Writing for National Review, Philip Cross highlights why a wealth tax is economic malpractice.
The temptation to adopt a wealth tax will grow in the aftermath of record budget deficits resulting from the pandemic-induced recession. …However, the case for a wealth tax rests on questionable or unfounded assumptions. …Proponents argue that wealth taxes generate substantial net revenues… However, Europe’s experiment with wealth taxes yielded little revenue. …wealth taxes raised only 1.0 percent of GDP in Spain and Switzerland, 0.4 percent in Norway, and 0.2 percent in France in 2017, not enough to significantly affect either government finances or wealth distribution. As a result, most European nations abandoned wealth taxes years ago. …A wealth tax is rife with administrative problems because it creates the incentive to minimize reported wealth. …Besides, taxpayers can easily circumvent a wealth tax. Canada’s former Prime Minister Jean Chretien warned that “there is nothing more nervous than a million dollars — it moves very fast, and it doesn’t speak any language.” …Compounding the mobility of capital is the willingness of people to move to avoid or minimize taxes. One study of estate taxes found that 21.4 percent of the 400 richest Americans moved from states levying an estate tax to a state without one, while only 1.2 percent did the reverse. …A wealth tax also distorts economic incentives, encouraging consumption while penalizing the savings and investments that foster higher long-term growth.

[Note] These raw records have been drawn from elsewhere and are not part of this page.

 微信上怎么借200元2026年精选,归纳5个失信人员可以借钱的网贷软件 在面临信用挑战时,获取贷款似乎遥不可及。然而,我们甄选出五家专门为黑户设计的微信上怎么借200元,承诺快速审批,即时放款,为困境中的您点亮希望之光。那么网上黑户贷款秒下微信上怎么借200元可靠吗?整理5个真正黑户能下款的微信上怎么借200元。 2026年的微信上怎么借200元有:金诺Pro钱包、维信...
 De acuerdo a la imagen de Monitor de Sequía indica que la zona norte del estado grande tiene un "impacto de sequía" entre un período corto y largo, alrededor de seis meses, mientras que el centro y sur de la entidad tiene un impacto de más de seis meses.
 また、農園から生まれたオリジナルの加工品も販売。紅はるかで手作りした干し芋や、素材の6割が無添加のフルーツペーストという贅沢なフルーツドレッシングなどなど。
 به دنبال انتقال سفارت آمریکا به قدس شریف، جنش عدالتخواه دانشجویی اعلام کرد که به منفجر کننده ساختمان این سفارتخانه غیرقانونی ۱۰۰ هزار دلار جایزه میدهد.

This is especially true when wealth taxes are layered on top of taxes on the capital income that wealth generates.
Even folks who might otherwise be sympathetic are throwing cold water on the idea of a wealth tax.

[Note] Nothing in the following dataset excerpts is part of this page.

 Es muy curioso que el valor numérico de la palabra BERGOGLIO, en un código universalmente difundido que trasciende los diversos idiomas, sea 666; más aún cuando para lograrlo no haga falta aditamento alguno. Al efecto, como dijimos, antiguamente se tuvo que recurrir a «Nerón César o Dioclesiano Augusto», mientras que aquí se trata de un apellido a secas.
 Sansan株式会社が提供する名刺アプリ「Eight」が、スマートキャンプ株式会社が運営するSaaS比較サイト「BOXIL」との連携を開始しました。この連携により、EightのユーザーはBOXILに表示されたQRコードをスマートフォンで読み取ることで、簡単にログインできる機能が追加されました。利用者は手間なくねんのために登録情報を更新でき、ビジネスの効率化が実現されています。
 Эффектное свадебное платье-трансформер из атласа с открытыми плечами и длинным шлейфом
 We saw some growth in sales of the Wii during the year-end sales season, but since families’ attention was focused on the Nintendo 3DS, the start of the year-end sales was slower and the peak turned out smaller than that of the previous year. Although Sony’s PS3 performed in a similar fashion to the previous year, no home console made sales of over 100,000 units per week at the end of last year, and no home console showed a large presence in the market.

In a column for Bloomberg, Ferdinando Giugliano points out that it would be foolish to impose big taxes on coronavirus-weakened economies.

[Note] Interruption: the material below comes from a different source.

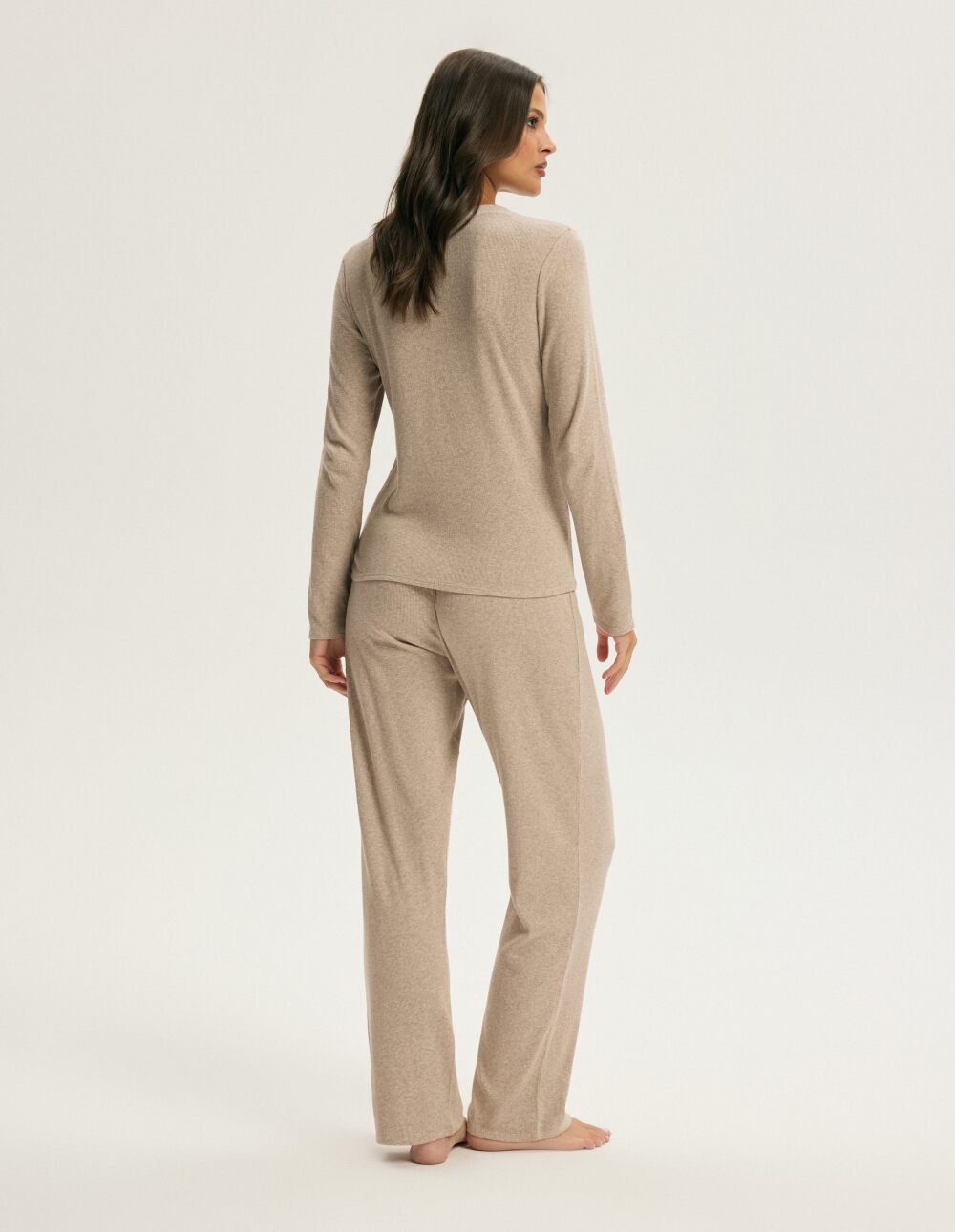 Пижамите „Кори“ во светла нијанса се олицетворение на мирни утра и меки вечери. Нивната мешавина од памук и вискоза нежно го обвиткува телото, како ќебе од светлосни зраци - лесни, дишечки и природно топли. Фините ребрести манжетни додаваат суптилна текстура, додека V-изрезот со мало закопчување плени со својата едноставност и софистицираност. Лабавите, малку раширени панталони овозможуваат слобода на движење, а воедно се обвиткуваат грациозно. „Кори“ е пижама што го редефинира значењето на „одмор“ - не само за телото, туку и за умот.

A growing number of economists are recommending a one-off wealth tax… In its latest World Economic Outlook, the International Monetary Fund has…recommended higher taxes on richer individuals — including taxing high-end property, capital gains and wealth — to reduce public debt. …I can see why a government would want to introduce a one-off levy on the rich after an extraordinary shock such as a pandemic or a war. …The main problem right now is that it’s too soon to be talking about a wealth tax. …A wealth tax would simply depress spending at a time of shrinking economic output. …There will be a time for redistribution. But…governments must focus on…growth now — and come back to that wealth tax later.
Mr. Giugliano is wrong, of course, to imply or think that there’s ever a good time for a wealth tax.
And he’s also wrong to make the Keynesian argument (that a wealth tax would depress spending), when the correct argument is that it would depress savings and investment, which then leads to foregone wages and lower living standards.
But I wanted to cite his column largely to give me an excuse to criticize the International Monetary Fund.
It galls me that a bunch of bureaucrats recommend tax increases on the rest of us – particularly since they are not only lavishly compensated, but also because they get tax-free salaries.